The response should repeat word for word every line below from the one with "As you can see, the" to the one with "A high-res image", inclusive, and nothing else; leave pictures out.

— Records shown —
◆ ◆ ◆ ◆ ◆

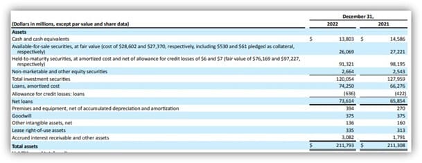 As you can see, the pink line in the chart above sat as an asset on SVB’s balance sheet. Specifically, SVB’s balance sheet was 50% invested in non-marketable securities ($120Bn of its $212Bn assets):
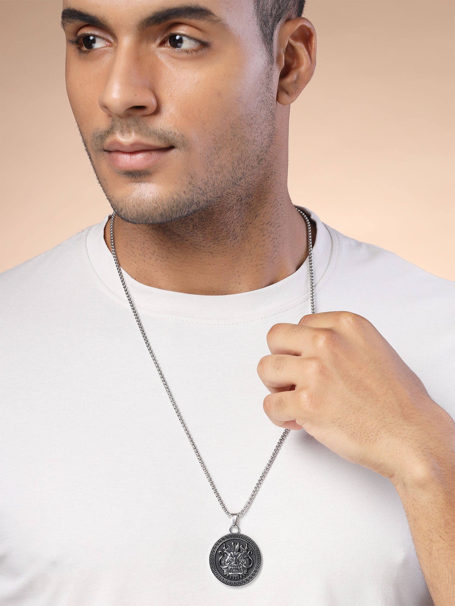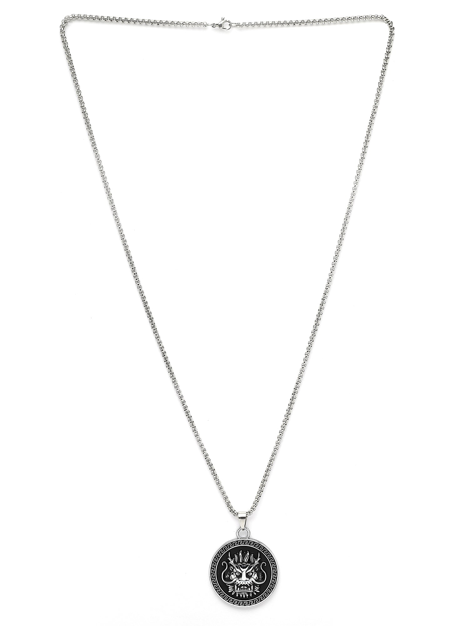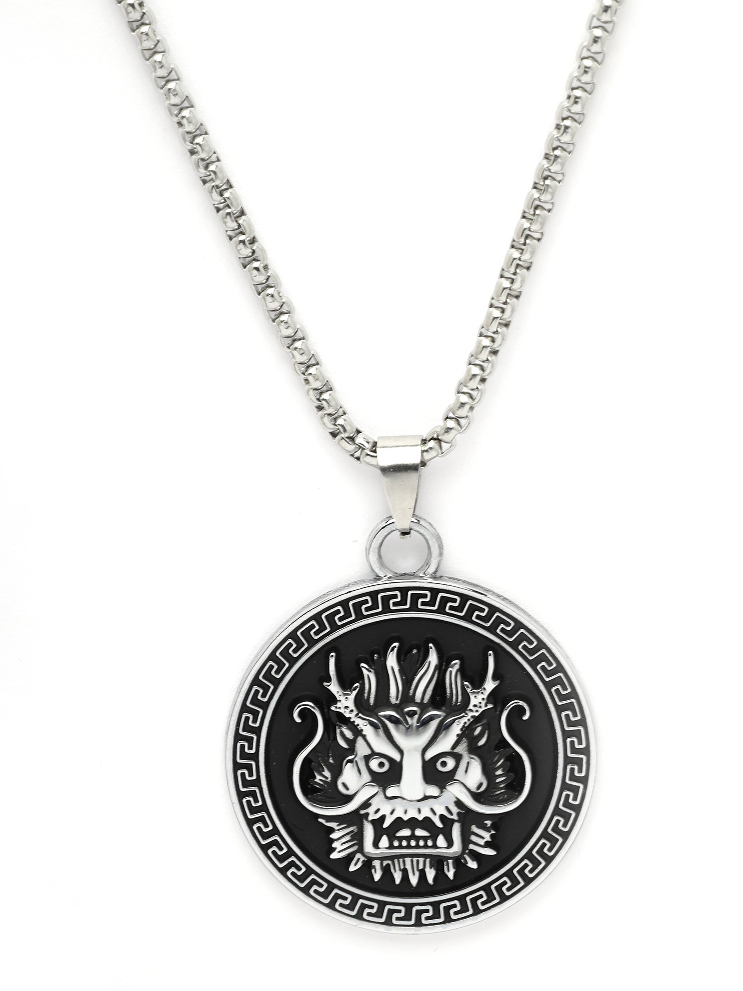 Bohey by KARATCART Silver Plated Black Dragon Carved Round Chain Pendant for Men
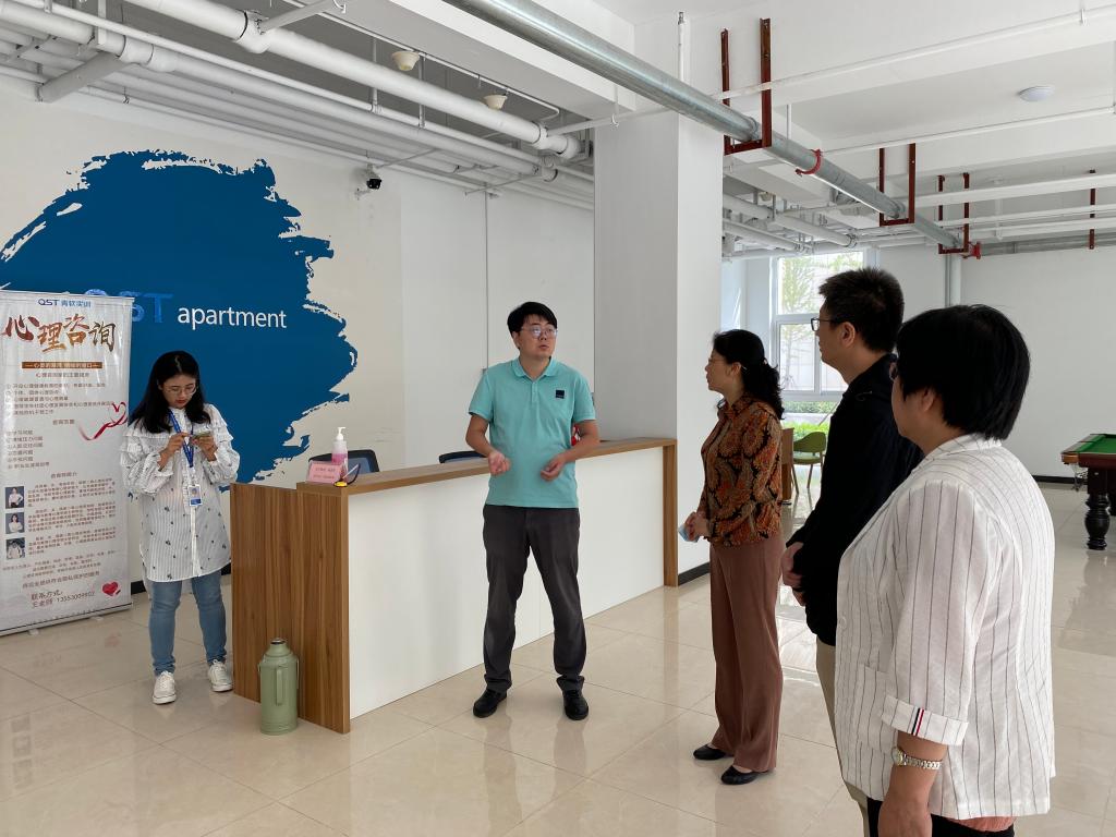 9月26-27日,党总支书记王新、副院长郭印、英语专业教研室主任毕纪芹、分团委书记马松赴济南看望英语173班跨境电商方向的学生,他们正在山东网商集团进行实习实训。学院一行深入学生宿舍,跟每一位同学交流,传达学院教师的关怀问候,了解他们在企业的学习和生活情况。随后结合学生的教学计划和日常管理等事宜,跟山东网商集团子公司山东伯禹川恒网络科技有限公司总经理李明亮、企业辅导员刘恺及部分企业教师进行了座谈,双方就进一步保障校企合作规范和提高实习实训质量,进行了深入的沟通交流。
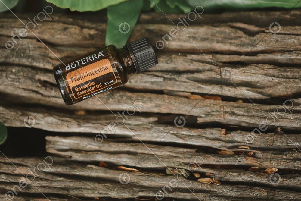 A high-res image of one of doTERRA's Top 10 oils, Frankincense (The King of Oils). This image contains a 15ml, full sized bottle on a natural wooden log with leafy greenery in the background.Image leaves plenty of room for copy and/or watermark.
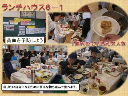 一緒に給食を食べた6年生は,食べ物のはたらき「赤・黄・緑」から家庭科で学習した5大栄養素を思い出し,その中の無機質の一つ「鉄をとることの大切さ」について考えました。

◆ ◆ ◆ ◆ ◆

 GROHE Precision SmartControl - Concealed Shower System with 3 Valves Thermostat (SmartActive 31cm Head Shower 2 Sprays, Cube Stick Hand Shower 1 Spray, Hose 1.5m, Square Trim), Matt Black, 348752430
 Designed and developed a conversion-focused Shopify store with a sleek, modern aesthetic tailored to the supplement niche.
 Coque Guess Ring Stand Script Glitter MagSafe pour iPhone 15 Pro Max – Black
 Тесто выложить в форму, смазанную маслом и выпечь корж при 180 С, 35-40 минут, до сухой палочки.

◆ ◆ ◆ ◆ ◆

— Output for this task —
 As you can see, the pink line in the chart above sat as an asset on SVB’s balance sheet. Specifically, SVB’s balance sheet was 50% invested in non-marketable securities ($120Bn of its $212Bn assets):
 Bohey by KARATCART Silver Plated Black Dragon Carved Round Chain Pendant for Men
 9月26-27日,党总支书记王新、副院长郭印、英语专业教研室主任毕纪芹、分团委书记马松赴济南看望英语173班跨境电商方向的学生,他们正在山东网商集团进行实习实训。学院一行深入学生宿舍,跟每一位同学交流,传达学院教师的关怀问候,了解他们在企业的学习和生活情况。随后结合学生的教学计划和日常管理等事宜,跟山东网商集团子公司山东伯禹川恒网络科技有限公司总经理李明亮、企业辅导员刘恺及部分企业教师进行了座谈,双方就进一步保障校企合作规范和提高实习实训质量,进行了深入的沟通交流。
 A high-res image of one of doTERRA's Top 10 oils, Frankincense (The King of Oils). This image contains a 15ml, full sized bottle on a natural wooden log with leafy greenery in the background.Image leaves plenty of room for copy and/or watermark.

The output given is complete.